Andi Campognone Projects
Barbara Berk Laura Larson William Catling Davis & Davis Daniel Albrigo Darren Saravis Herb Olds Larry White Leslie Brown Linsley Lambert
Naked Truth
Naked Truth: Figure as Form and Spirit

It is just short of overwhelming to think about the development of the human race over the last few thousand years, and when it comes down to it, evolutionists and creationists alike will concede that a human being’s existence, in the vastness of everything that is possible, is indeed something miraculous. Most of us rarely think about ourselves in this way. We don’t see ourselves as incredible entities, fragile beings that through our intelligence, developed to survive this passage of time. We overlook the essence of what it means to be human so easily. We collect things, relationships, debts, and dollars. We more rarely collect ideas and articles of lasting significance, but that happens as well. It isn’t that we should discount all that we amass; far from it. These are integral aspects of our survival. Our bodies do not equip us with much to this end: no fangs to secure prey, no claws to aid in our defense, no fur to insulate in cold. We are vulnerable without our collections. But the truth of it is, as we stack up our possessions into neat little protective barricades, we cover ourselves; we bury our humanity in an effort to achieve security. So it becomes paradoxical: our very nature inhibits us from examining our very nature. We make it impossible to see the very thing we are fighting to protect; the stripped down version, the vulnerable thing, the naked truth.
Fortunately, since the barriers first started to go up, there have been artists working to tear them down to give us; even for the briefest of moments; the opportunity to find truth. Standards in dealing with the body have ranged from the simplest depiction of outlines on cave walls and idealized marble sculptures to sensual romantic portraits and highly sexualized advertisements. The truth of the human condition has been argued to be both objective and subjective, and this is why the human form is the most ancient of all artistic subjects;and arguably the most controversial. For as long as there have been those who wish to explore the human figure, there have been those who wish to cover it, and thus defiance becomes an element inherent in its portrayal. It is a subject that raises political controversy, forces reflection, soothes the soul, and ignites passion. It is a form that ranges in shape, color, and size with endless potential for abstraction yet simultaneously demanding of exact replication. Naked Truth: Figure as Form and Spirit brings together a collection of contemporary works from both emerging artists and established masters that explore this range of interpretation in celebration of the human body.

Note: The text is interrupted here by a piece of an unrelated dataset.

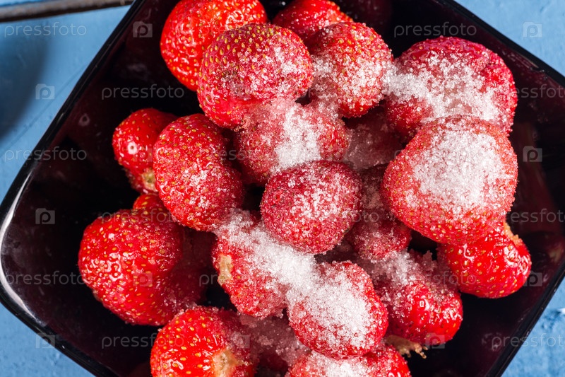 Свежая клубника с сахаром в миске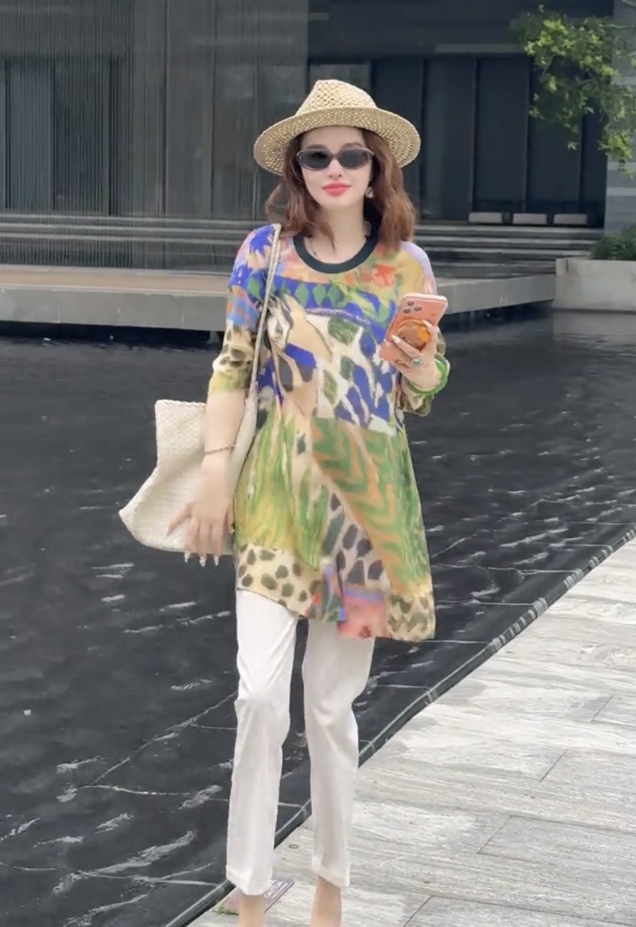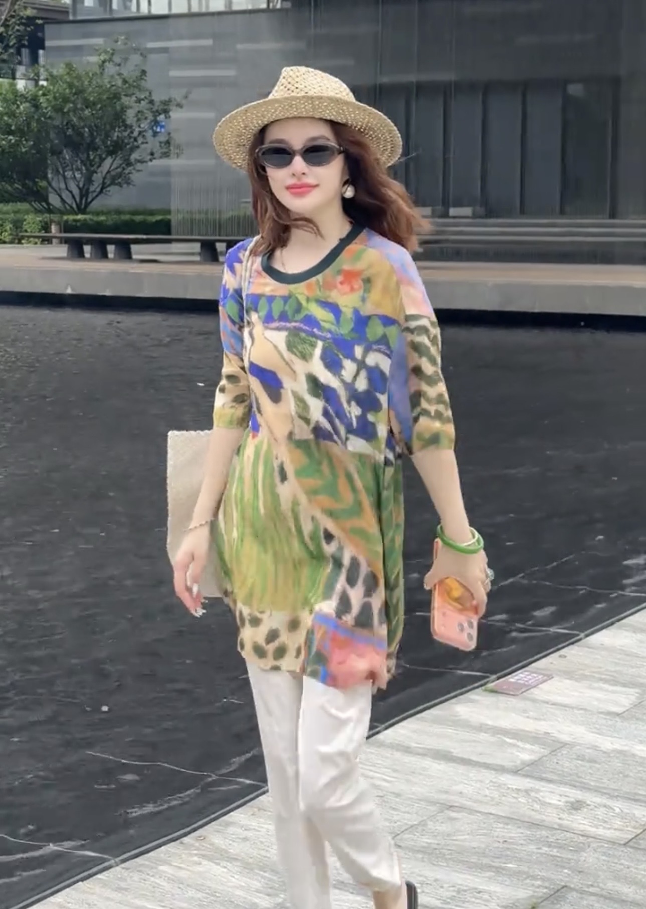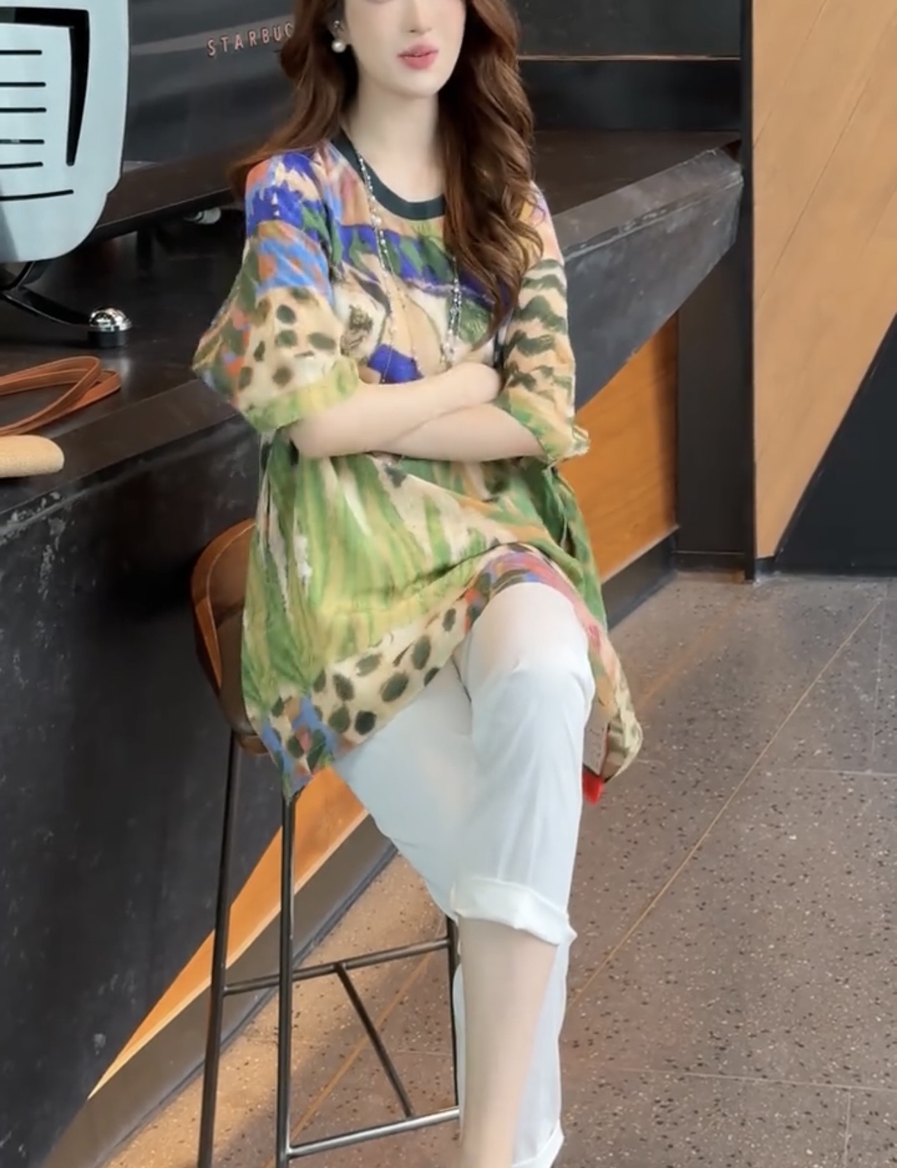 프랑스식 예술 센스 추상 프린트 라운드 넥 중간 소매 티셔츠 여성 여름 얇은 스타일 슬림해 보이는 품격 맨위

Daniel Albrigo uses soft, romantic lighting for his paintings, but he opts for a non-traditional use of the figure. In Glamorous Glue, Albrigo alternatively suggests that the sensuality comes not from the nude woman, but from the shape of her feet, and in Lepus, he sprinkles a map of the constellation over his masked subject, raising the figure itself to cosmic status. A.S. Ashley took molds of his own hands for his mixed media piece Venus de Hey Zeus, perhaps in reference to the development and martyrdom of both the artist and his subject over the ages. The juxtaposition of Christian iconography like the cross and fish with a two-dimensional depiction of a classic Roman sculpture infuses the piece with a deliberate tension. Barbara Berk’s political video installation is a critique that boldly mocks standard conceptions of naked women, objectification, and censorship. The softness of Leslie Brown’s cool colored pastels conveys a deep sense of spirituality. There is a consistency in the pallor of her skin and the coolness of her liquid surroundings, the position of her body suggesting fluidity of motion and the hypnotic sound of quiet waves; the viewer senses that what keeps the woman afloat is her soul, that what gives her breath is from something completely intangible.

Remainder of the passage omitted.